On 2022/7/14 20:30, Dietmar Eggemann wrote:
> On 13/07/2022 06:04, Chengming Zhou wrote:
>> Previously we only maintain task se depth in task_move_group_fair(),
>> if a !fair task change task group, its se depth will not be updated,
>> so commit eb7a59b2c888 ("sched/fair: Reset se-depth when task switched to FAIR")
>> fix the problem by updating se depth in switched_to_fair() too.
>
> Maybe it's worth mentioning how the se.depth setting from
> task_move_group_fair() and switched_to_fair() went into
> attach_task_cfs_rq() with commit daa59407b558 ("sched/fair: Unify
> switched_{from,to}_fair() and task_move_group_fair()"} and further into
> attach_entity_cfs_rq() with commit df217913e72e ("sched/fair: Factorize
> attach/detach entity").
>

Good point, I will add this part in the next version.

Thanks for your review!

>> This patch move task se depth maintainence to set_task_rq(), which will be
>> called when CPU/cgroup change, so its depth will always be correct.
>>
>> This patch is preparation for the next patch.
>>
>> Signed-off-by: Chengming Zhou <[email protected]>
>
> Reviewed-by: Dietmar Eggemann <[email protected]>
>
>> ---
>> kernel/sched/fair.c | 8 --------
>> kernel/sched/sched.h | 1 +
>> 2 files changed, 1 insertion(+), 8 deletions(-)
>>
>> diff --git a/kernel/sched/fair.c b/kernel/sched/fair.c
>> index 2a3e12ead144..bf595b622656 100644
>> --- a/kernel/sched/fair.c
>> +++ b/kernel/sched/fair.c
>> @@ -11539,14 +11539,6 @@ static void attach_entity_cfs_rq(struct sched_entity *se)
>> {
>> struct cfs_rq *cfs_rq = cfs_rq_of(se);
>>
>> -#ifdef CONFIG_FAIR_GROUP_SCHED
>> - /*
>> - * Since the real-depth could have been changed (only FAIR
>> - * class maintain depth value), reset depth properly.
>> - */
>> - se->depth = se->parent ? se->parent->depth + 1 : 0;
>> -#endif
>> -
>> /* Synchronize entity with its cfs_rq */
>> update_load_avg(cfs_rq, se, sched_feat(ATTACH_AGE_LOAD) ? 0 : SKIP_AGE_LOAD);
>> attach_entity_load_avg(cfs_rq, se);
>> diff --git a/kernel/sched/sched.h b/kernel/sched/sched.h
>> index aad7f5ee9666..8cc3eb7b86cd 100644
>> --- a/kernel/sched/sched.h
>> +++ b/kernel/sched/sched.h
>> @@ -1940,6 +1940,7 @@ static inline void set_task_rq(struct task_struct *p, unsigned int cpu)
>> set_task_rq_fair(&p->se, p->se.cfs_rq, tg->cfs_rq[cpu]);
>> p->se.cfs_rq = tg->cfs_rq[cpu];
>> p->se.parent = tg->se[cpu];
>> + p->se.depth = tg->se[cpu] ? tg->se[cpu]->depth + 1 : 0;
>> #endif
>>
>> #ifdef CONFIG_RT_GROUP_SCHED
>

2022-07-18 07:32:44

by Vincent Guittot

[permalink] [raw]
Subject: Re: [PATCH v2 03/10] sched/fair: maintain task se depth in set_task_rq()

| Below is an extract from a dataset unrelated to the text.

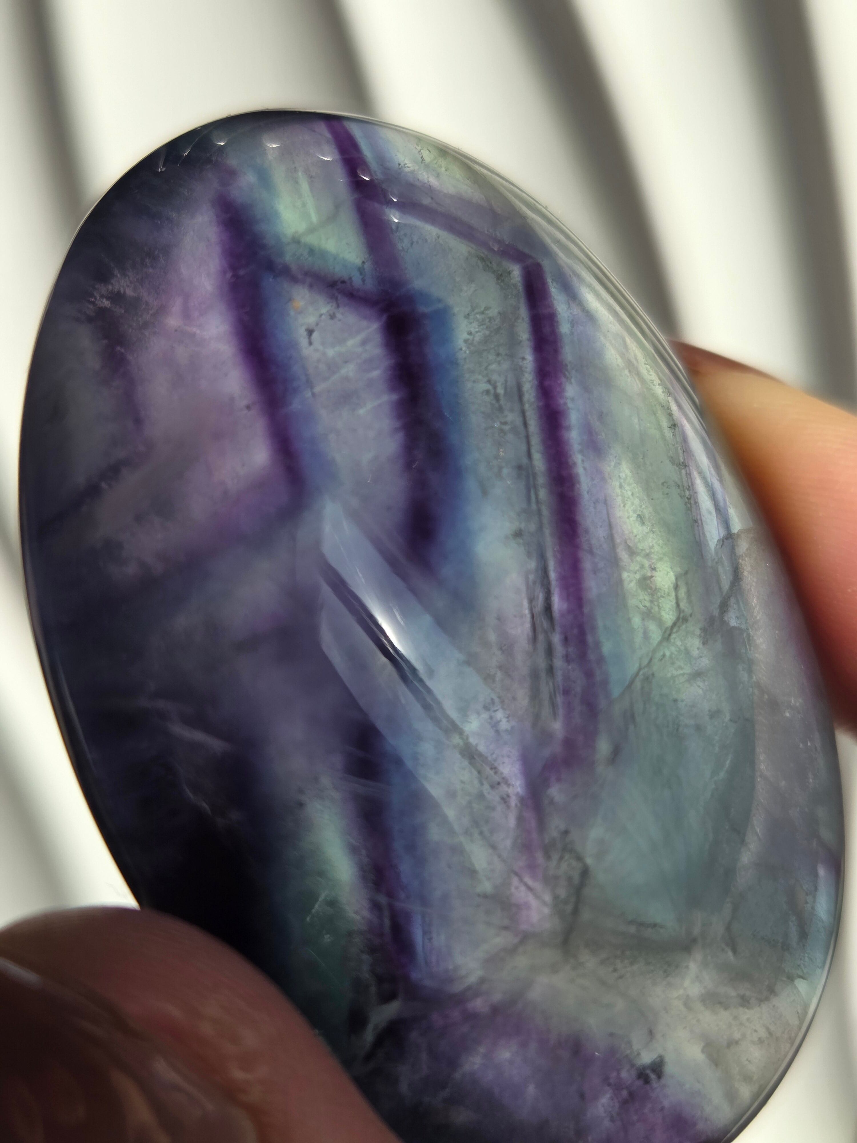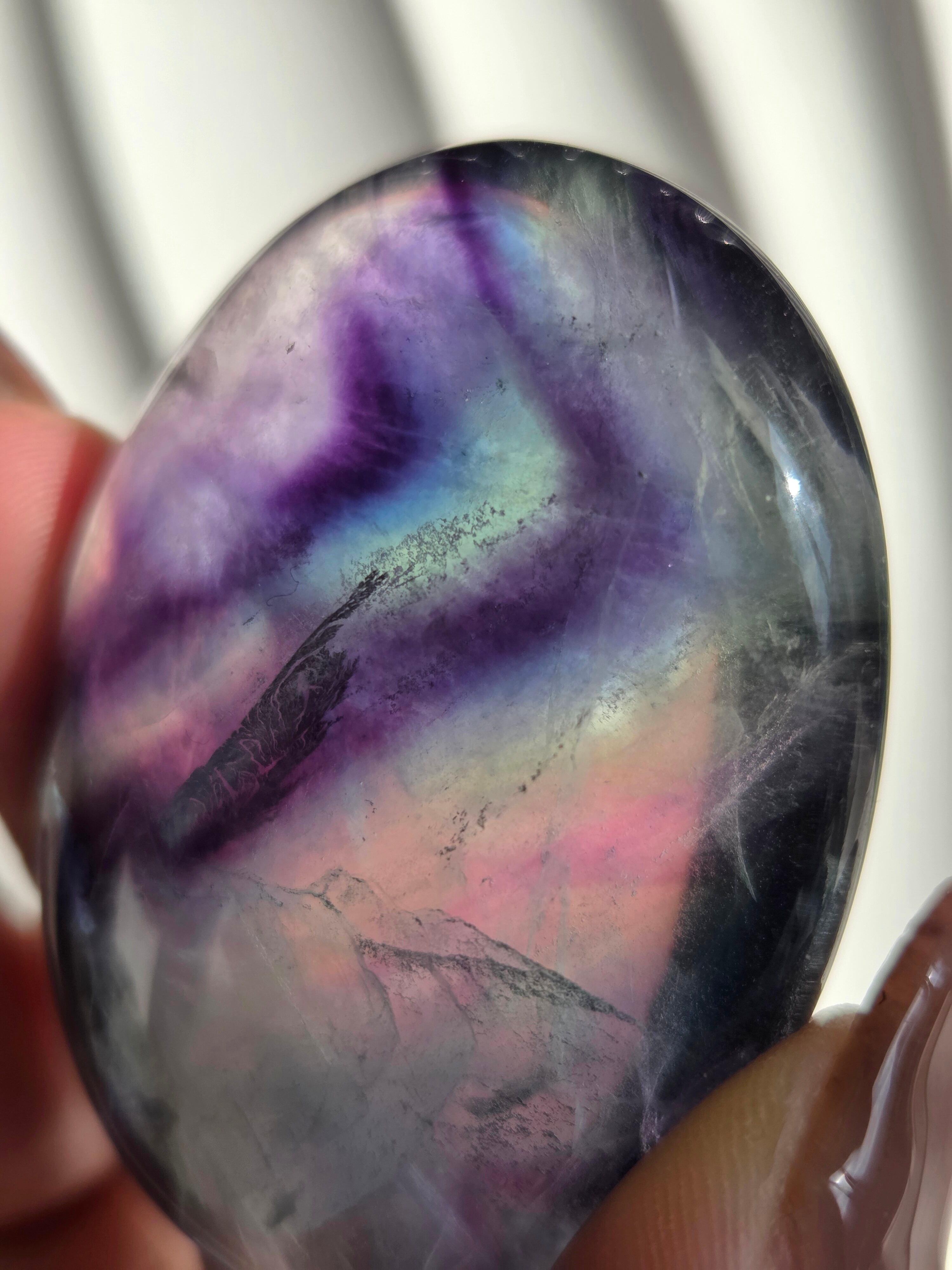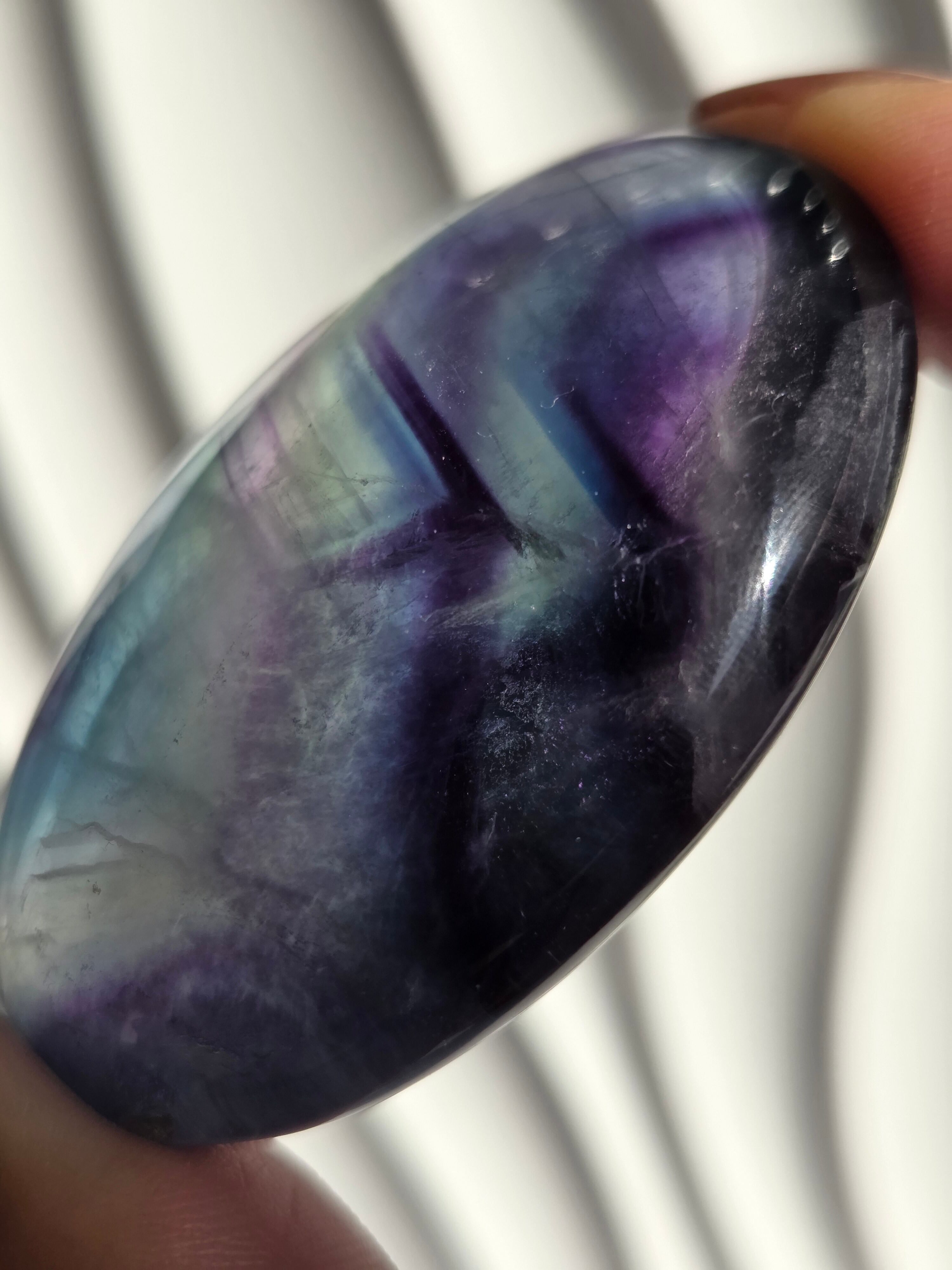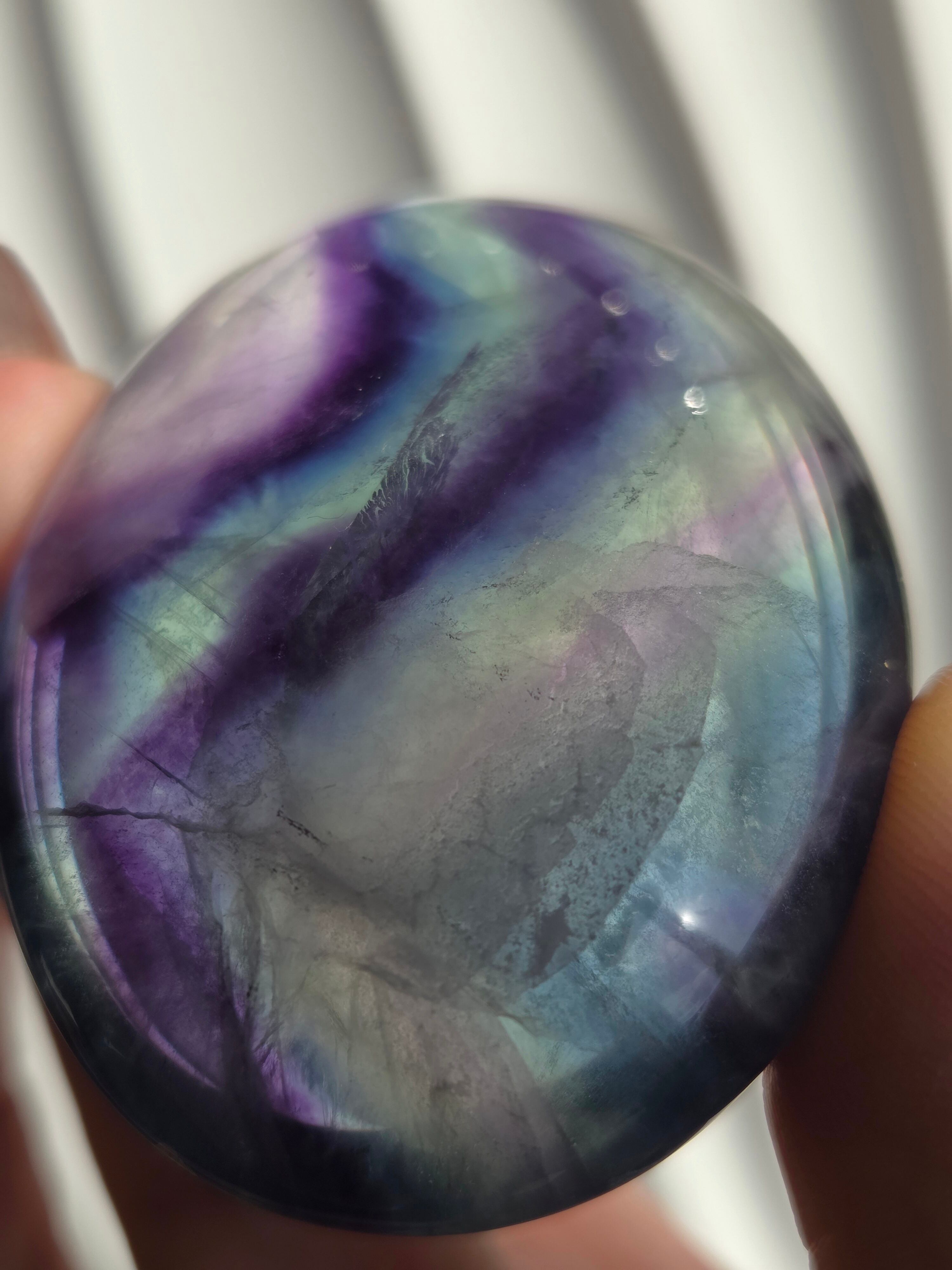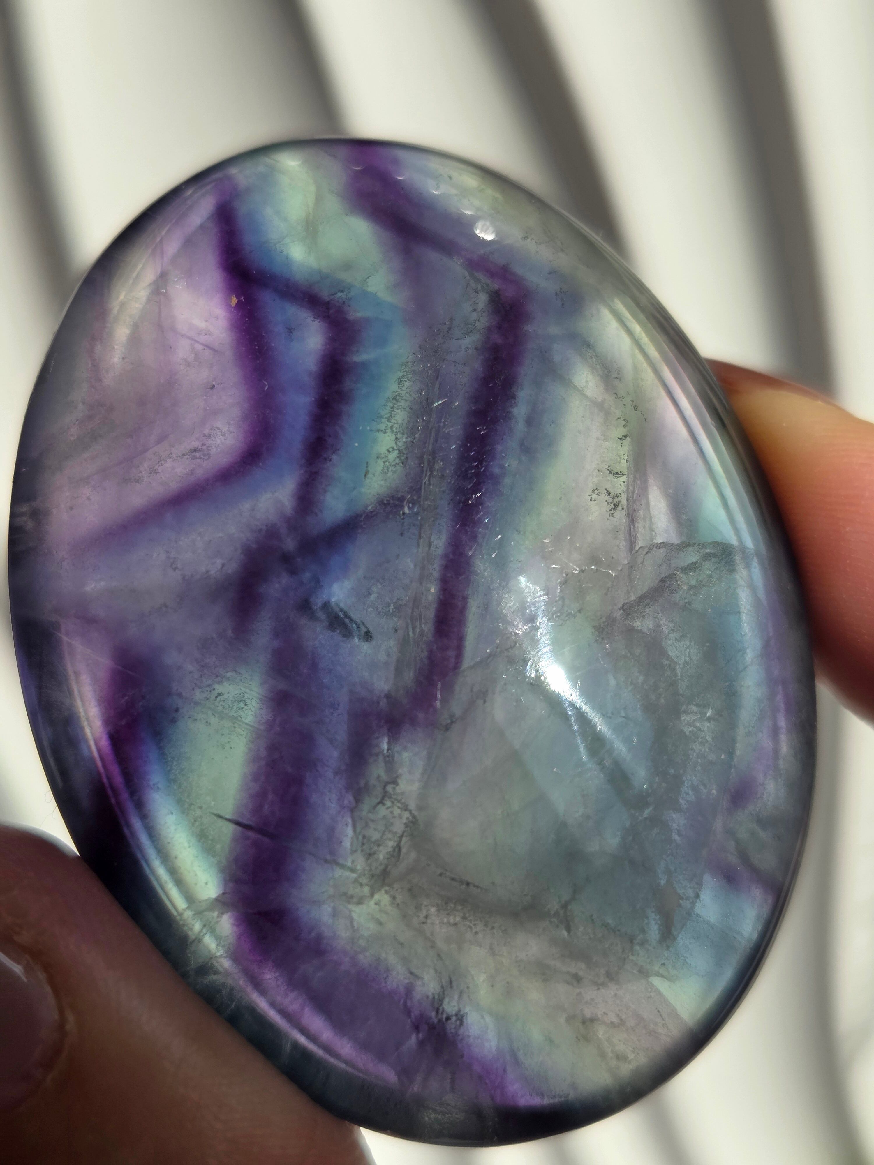 カラフルなカラーと、つやつやぷるぷる感が可愛いパームです。光に透かしてみるとカラー変化が見えたりと、フローライトは本当に魅力的です。
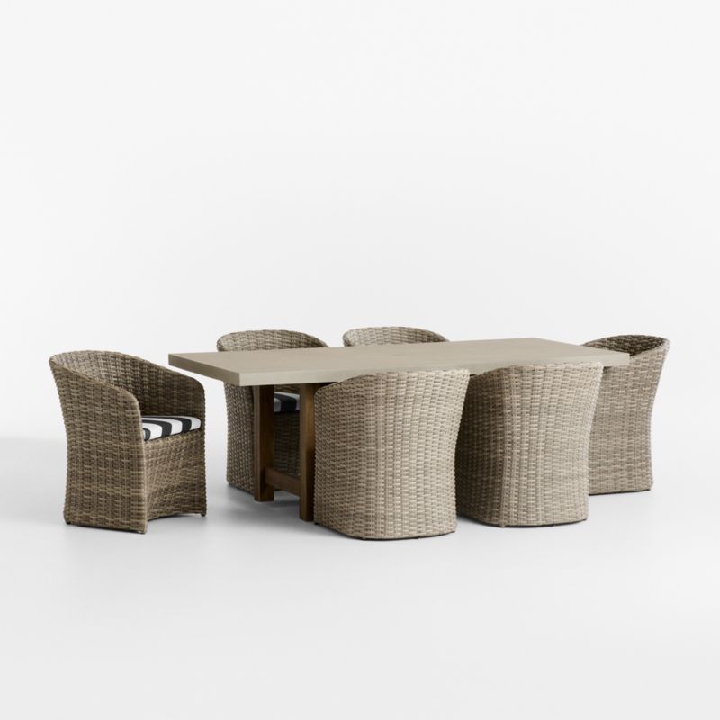 Abaco 84" Grey Wood Outdoor Dining Set with Black and White Cabana Stripe Sunbrella ® Cushions

On Wed, 13 Jul 2022 at 06:04, Chengming Zhou
<[email protected]> wrote:
>
> Previously we only maintain task se depth in task_move_group_fair(),
> if a !fair task change task group, its se depth will not be updated,
> so commit eb7a59b2c888 ("sched/fair: Reset se-depth when task switched to FAIR")
> fix the problem by updating se depth in switched_to_fair() too.
>
> This patch move task se depth maintainence to set_task_rq(), which will be
> called when CPU/cgroup change, so its depth will always be correct.
>
> This patch is preparation for the next patch.
>
> Signed-off-by: Chengming Zhou <[email protected]>

Reviewed-by: Vincent Guittot <[email protected]>

> ---
> kernel/sched/fair.c | 8 --------
> kernel/sched/sched.h | 1 +
> 2 files changed, 1 insertion(+), 8 deletions(-)
>
> diff --git a/kernel/sched/fair.c b/kernel/sched/fair.c
> index 2a3e12ead144..bf595b622656 100644
> --- a/kernel/sched/fair.c
> +++ b/kernel/sched/fair.c
> @@ -11539,14 +11539,6 @@ static void attach_entity_cfs_rq(struct sched_entity *se)
> {
> struct cfs_rq *cfs_rq = cfs_rq_of(se);
>
> -#ifdef CONFIG_FAIR_GROUP_SCHED
> - /*
> - * Since the real-depth could have been changed (only FAIR
> - * class maintain depth value), reset depth properly.
> - */
> - se->depth = se->parent ? se->parent->depth + 1 : 0;
> -#endif
> -
> /* Synchronize entity with its cfs_rq */
> update_load_avg(cfs_rq, se, sched_feat(ATTACH_AGE_LOAD) ? 0 : SKIP_AGE_LOAD);
> attach_entity_load_avg(cfs_rq, se);
> diff --git a/kernel/sched/sched.h b/kernel/sched/sched.h
> index aad7f5ee9666..8cc3eb7b86cd 100644
> --- a/kernel/sched/sched.h
> +++ b/kernel/sched/sched.h
> @@ -1940,6 +1940,7 @@ static inline void set_task_rq(struct task_struct *p, unsigned int cpu)
> set_task_rq_fair(&p->se, p->se.cfs_rq, tg->cfs_rq[cpu]);
> p->se.cfs_rq = tg->cfs_rq[cpu];
> p->se.parent = tg->se[cpu];
> + p->se.depth = tg->se[cpu] ? tg->se[cpu]->depth + 1 : 0;
> #endif
>
> #ifdef CONFIG_RT_GROUP_SCHED
> --
> 2.36.1
>